▶ [What the exercise asks] Restate the listing word for word. Stop at the line that holds "ศูนย์สมองและระบบประสาท โรงพยาบาลพระรามเก้า จัดกิจกรรม", include it, and leave out all pictures.

--- Information supplied Enclosed Below ---

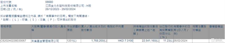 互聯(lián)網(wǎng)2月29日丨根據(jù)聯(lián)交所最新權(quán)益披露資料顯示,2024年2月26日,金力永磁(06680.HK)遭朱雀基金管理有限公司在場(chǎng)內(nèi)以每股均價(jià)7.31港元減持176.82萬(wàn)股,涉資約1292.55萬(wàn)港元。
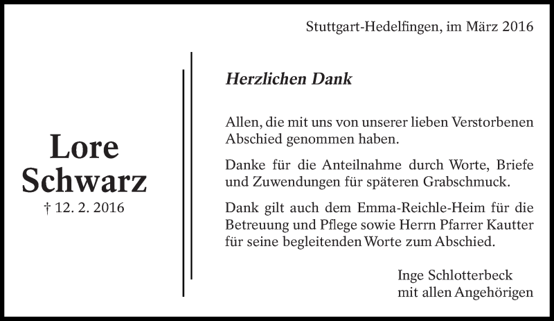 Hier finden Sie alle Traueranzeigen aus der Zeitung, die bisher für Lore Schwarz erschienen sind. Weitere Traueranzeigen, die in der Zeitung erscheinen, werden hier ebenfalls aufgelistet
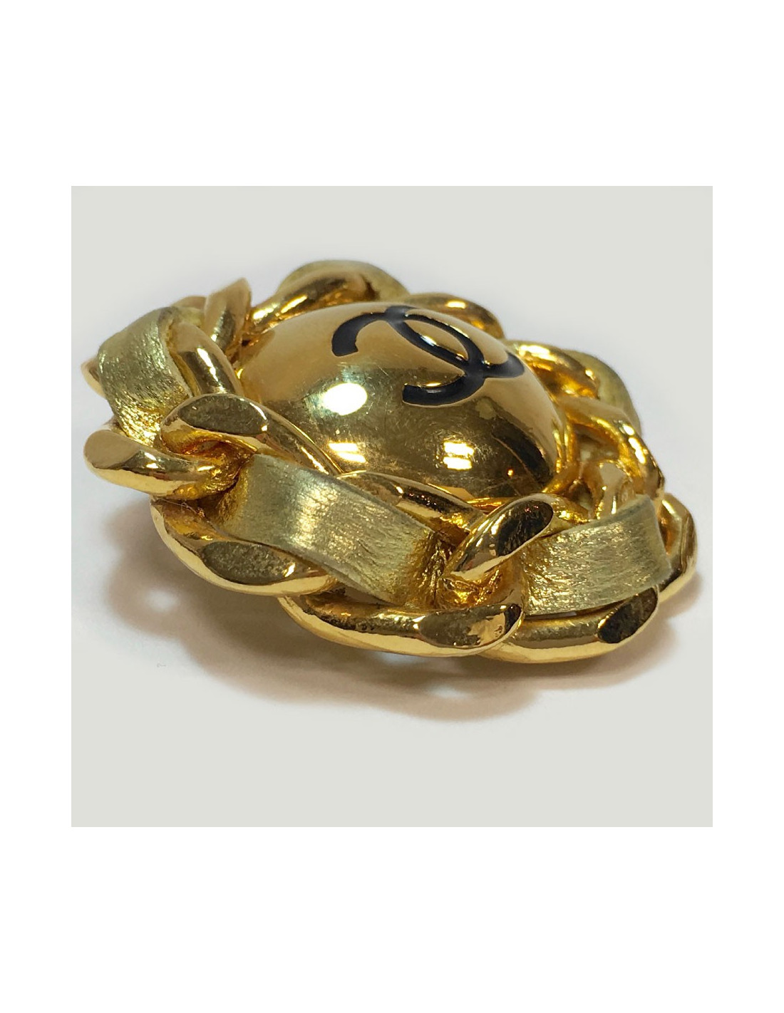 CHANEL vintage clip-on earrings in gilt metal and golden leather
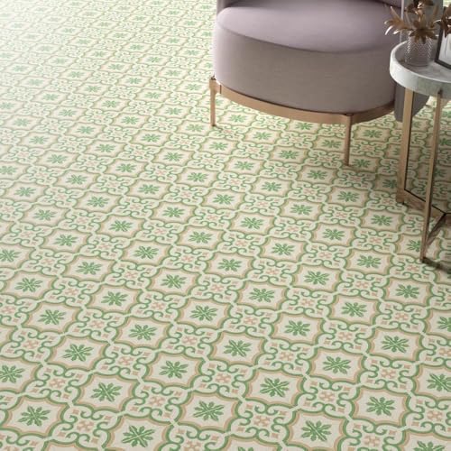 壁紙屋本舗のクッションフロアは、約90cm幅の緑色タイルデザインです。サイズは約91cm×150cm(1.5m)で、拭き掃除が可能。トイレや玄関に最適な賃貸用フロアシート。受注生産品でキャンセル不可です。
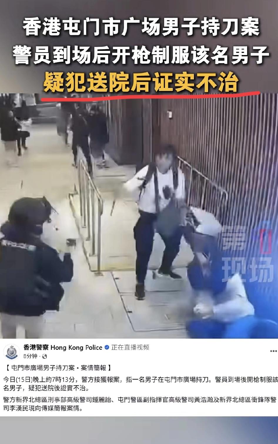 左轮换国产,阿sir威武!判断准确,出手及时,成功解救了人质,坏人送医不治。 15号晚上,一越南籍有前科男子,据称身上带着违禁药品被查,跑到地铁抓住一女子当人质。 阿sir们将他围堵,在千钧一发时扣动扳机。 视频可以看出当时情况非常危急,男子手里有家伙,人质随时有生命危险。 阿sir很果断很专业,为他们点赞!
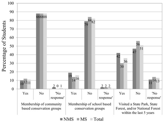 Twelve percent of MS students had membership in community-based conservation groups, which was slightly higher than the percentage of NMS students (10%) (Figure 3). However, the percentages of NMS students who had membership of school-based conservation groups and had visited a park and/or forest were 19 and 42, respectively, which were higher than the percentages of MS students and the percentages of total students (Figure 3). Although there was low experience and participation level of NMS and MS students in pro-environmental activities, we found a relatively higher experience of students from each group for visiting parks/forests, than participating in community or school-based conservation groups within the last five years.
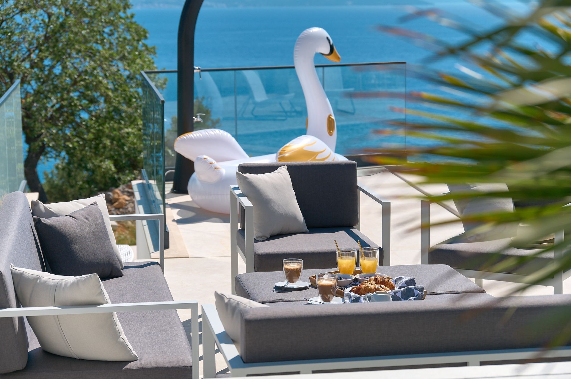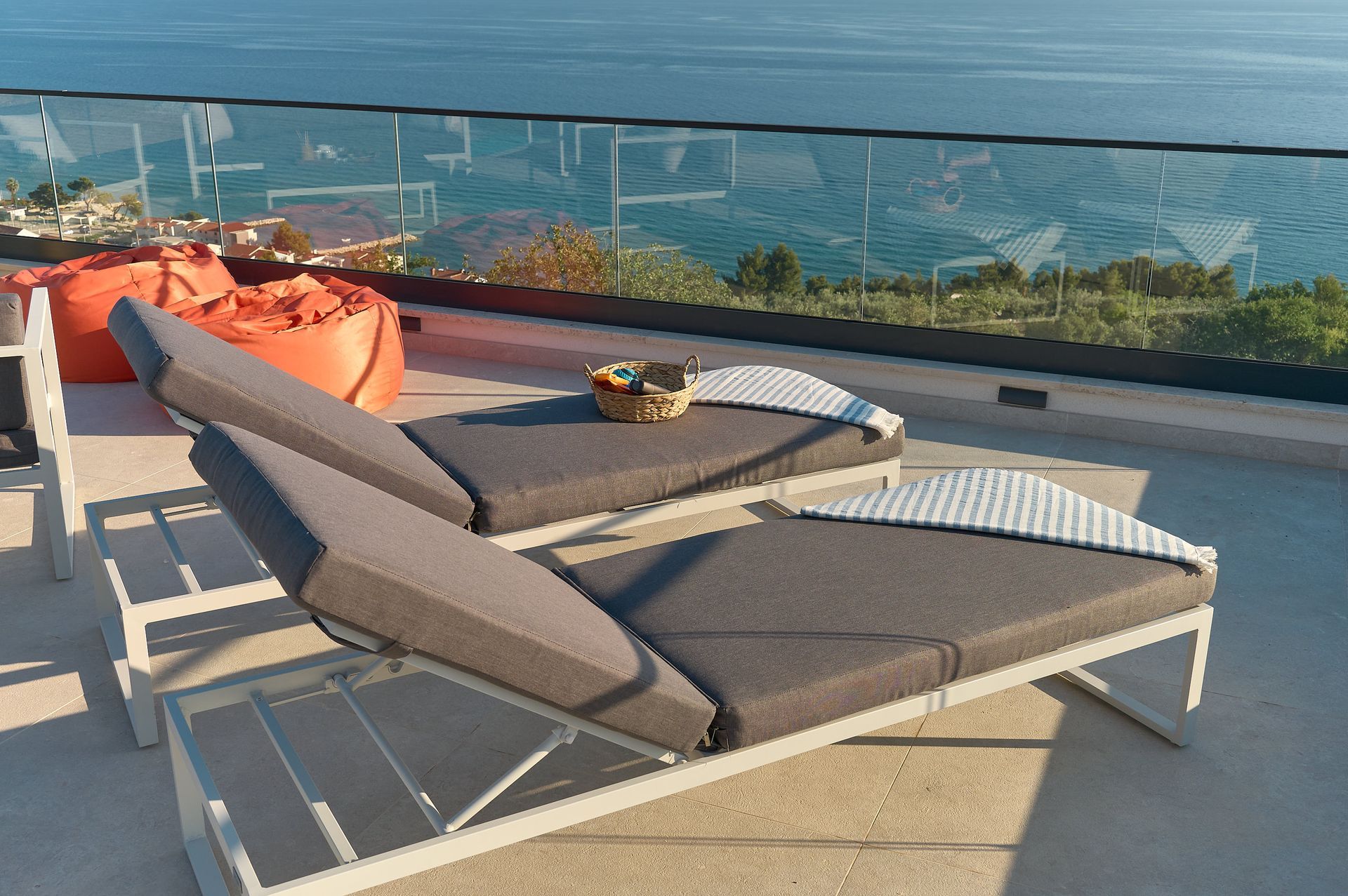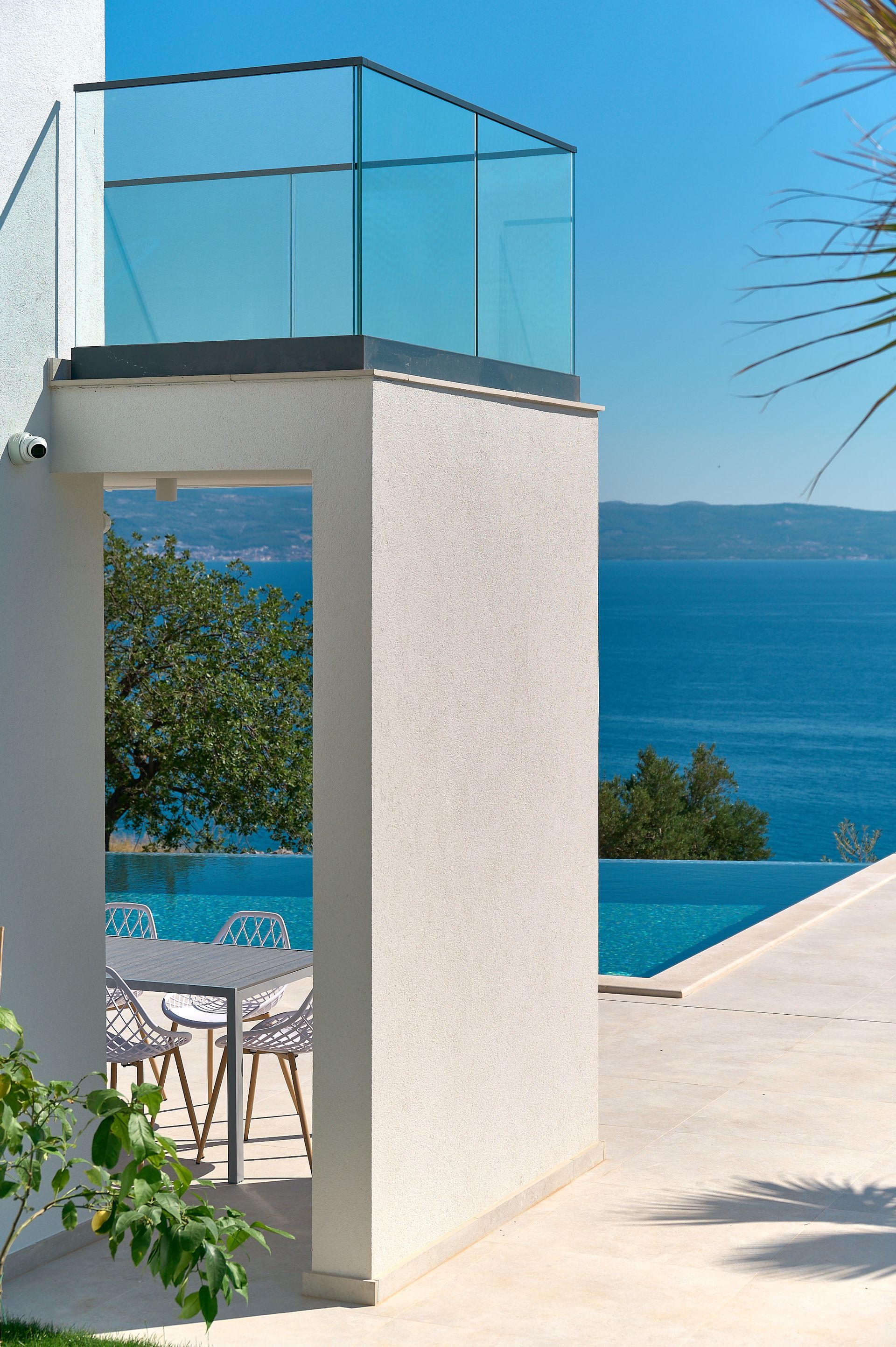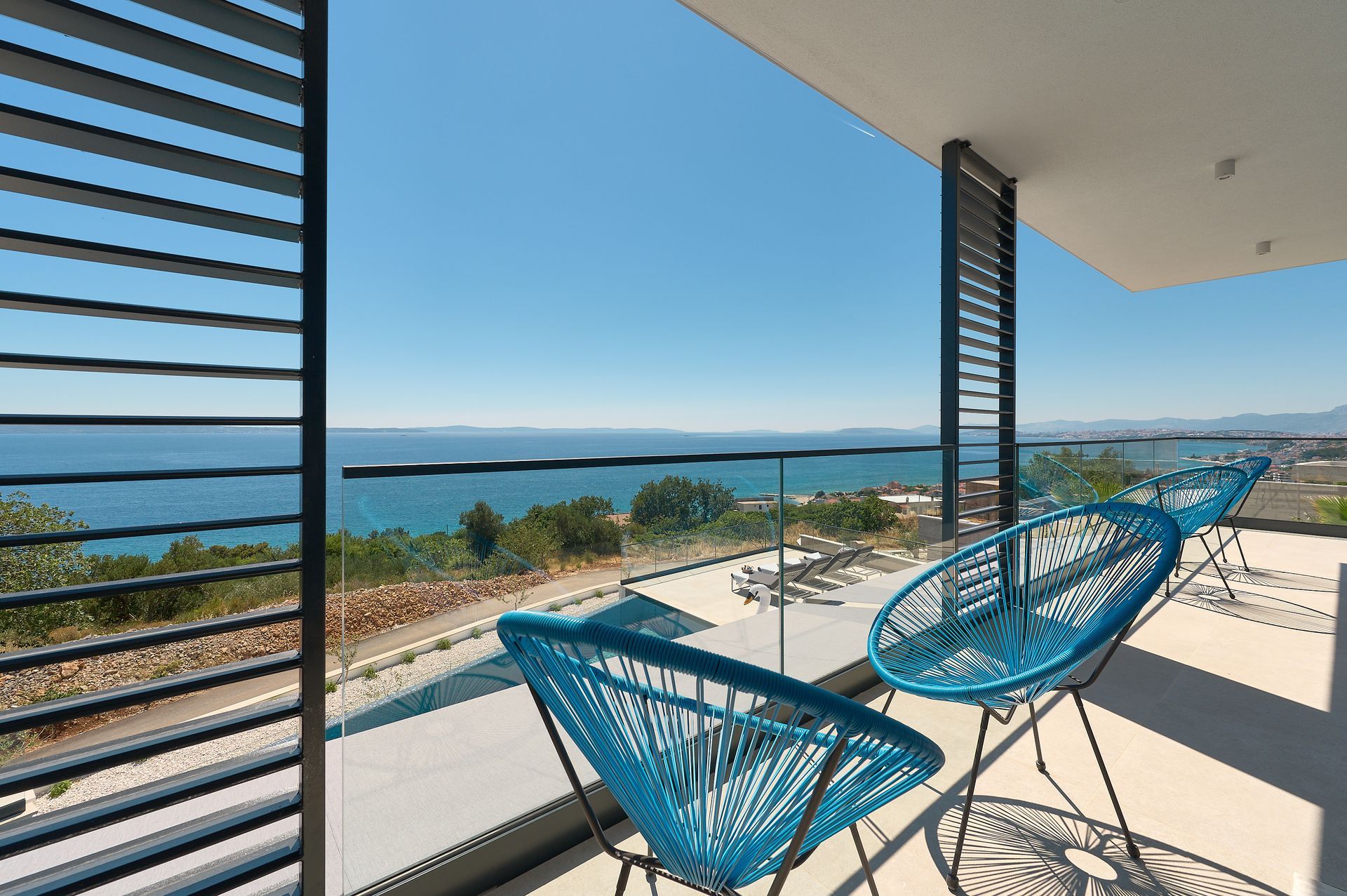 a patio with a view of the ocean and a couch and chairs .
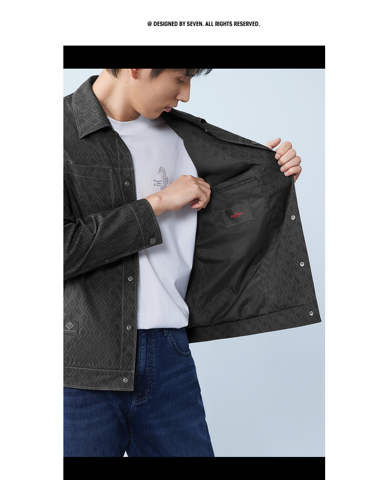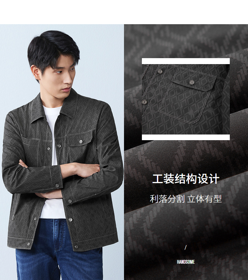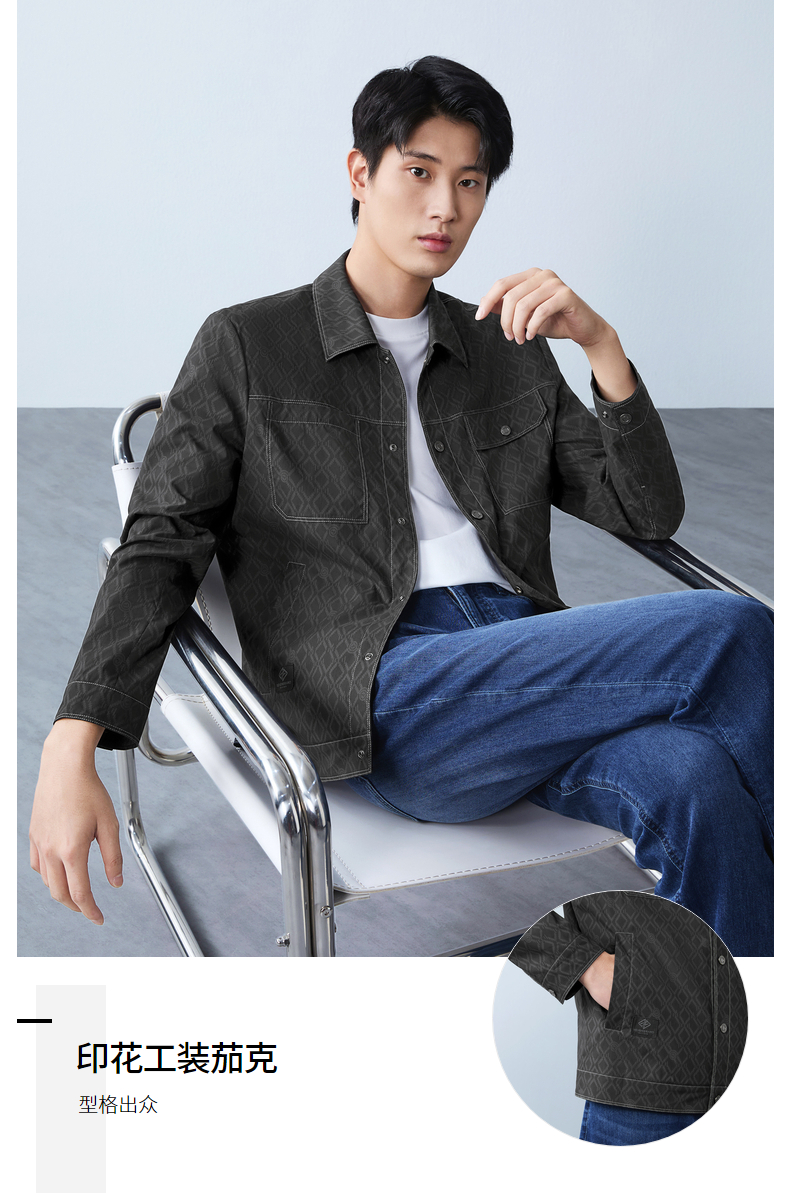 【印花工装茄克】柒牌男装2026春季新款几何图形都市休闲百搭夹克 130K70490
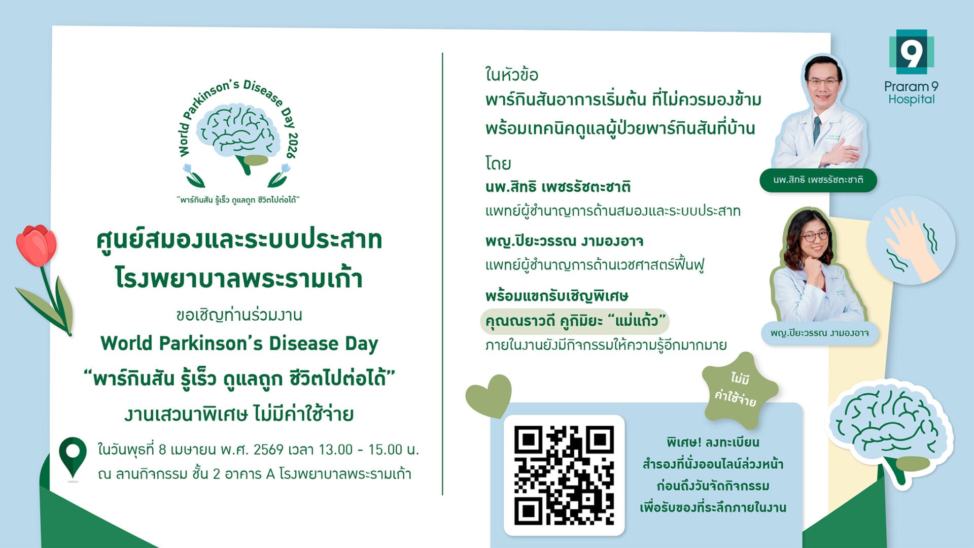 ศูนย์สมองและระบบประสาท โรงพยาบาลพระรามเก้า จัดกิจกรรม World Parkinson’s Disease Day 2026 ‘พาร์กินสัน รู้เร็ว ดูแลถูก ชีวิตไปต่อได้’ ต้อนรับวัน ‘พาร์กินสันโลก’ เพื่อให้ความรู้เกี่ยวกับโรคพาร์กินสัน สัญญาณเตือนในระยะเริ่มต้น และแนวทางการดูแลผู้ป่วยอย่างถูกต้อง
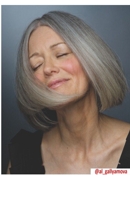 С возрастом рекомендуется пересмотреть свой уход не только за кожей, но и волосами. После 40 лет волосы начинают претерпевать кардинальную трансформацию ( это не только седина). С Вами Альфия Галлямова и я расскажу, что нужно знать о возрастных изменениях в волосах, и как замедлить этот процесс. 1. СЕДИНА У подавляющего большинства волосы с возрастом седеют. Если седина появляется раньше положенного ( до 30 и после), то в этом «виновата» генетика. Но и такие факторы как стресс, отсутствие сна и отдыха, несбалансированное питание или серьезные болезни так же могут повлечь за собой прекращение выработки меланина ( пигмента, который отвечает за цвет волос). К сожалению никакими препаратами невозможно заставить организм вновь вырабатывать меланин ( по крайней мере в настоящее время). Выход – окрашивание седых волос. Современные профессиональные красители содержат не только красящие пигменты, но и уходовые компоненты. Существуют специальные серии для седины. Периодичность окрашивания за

--- End of Enclosed Information supplied ---

▶ [Task response]
 互聯(lián)網(wǎng)2月29日丨根據(jù)聯(lián)交所最新權(quán)益披露資料顯示,2024年2月26日,金力永磁(06680.HK)遭朱雀基金管理有限公司在場(chǎng)內(nèi)以每股均價(jià)7.31港元減持176.82萬(wàn)股,涉資約1292.55萬(wàn)港元。
 Hier finden Sie alle Traueranzeigen aus der Zeitung, die bisher für Lore Schwarz erschienen sind. Weitere Traueranzeigen, die in der Zeitung erscheinen, werden hier ebenfalls aufgelistet
 CHANEL vintage clip-on earrings in gilt metal and golden leather
 壁紙屋本舗のクッションフロアは、約90cm幅の緑色タイルデザインです。サイズは約91cm×150cm(1.5m)で、拭き掃除が可能。トイレや玄関に最適な賃貸用フロアシート。受注生産品でキャンセル不可です。
 左轮换国产,阿sir威武!判断准确,出手及时,成功解救了人质,坏人送医不治。 15号晚上,一越南籍有前科男子,据称身上带着违禁药品被查,跑到地铁抓住一女子当人质。 阿sir们将他围堵,在千钧一发时扣动扳机。 视频可以看出当时情况非常危急,男子手里有家伙,人质随时有生命危险。 阿sir很果断很专业,为他们点赞!
 Twelve percent of MS students had membership in community-based conservation groups, which was slightly higher than the percentage of NMS students (10%) (Figure 3). However, the percentages of NMS students who had membership of school-based conservation groups and had visited a park and/or forest were 19 and 42, respectively, which were higher than the percentages of MS students and the percentages of total students (Figure 3). Although there was low experience and participation level of NMS and MS students in pro-environmental activities, we found a relatively higher experience of students from each group for visiting parks/forests, than participating in community or school-based conservation groups within the last five years.
 a patio with a view of the ocean and a couch and chairs .
 【印花工装茄克】柒牌男装2026春季新款几何图形都市休闲百搭夹克 130K70490
 ศูนย์สมองและระบบประสาท โรงพยาบาลพระรามเก้า จัดกิจกรรม World Parkinson’s Disease Day 2026 ‘พาร์กินสัน รู้เร็ว ดูแลถูก ชีวิตไปต่อได้’ ต้อนรับวัน ‘พาร์กินสันโลก’ เพื่อให้ความรู้เกี่ยวกับโรคพาร์กินสัน สัญญาณเตือนในระยะเริ่มต้น และแนวทางการดูแลผู้ป่วยอย่างถูกต้อง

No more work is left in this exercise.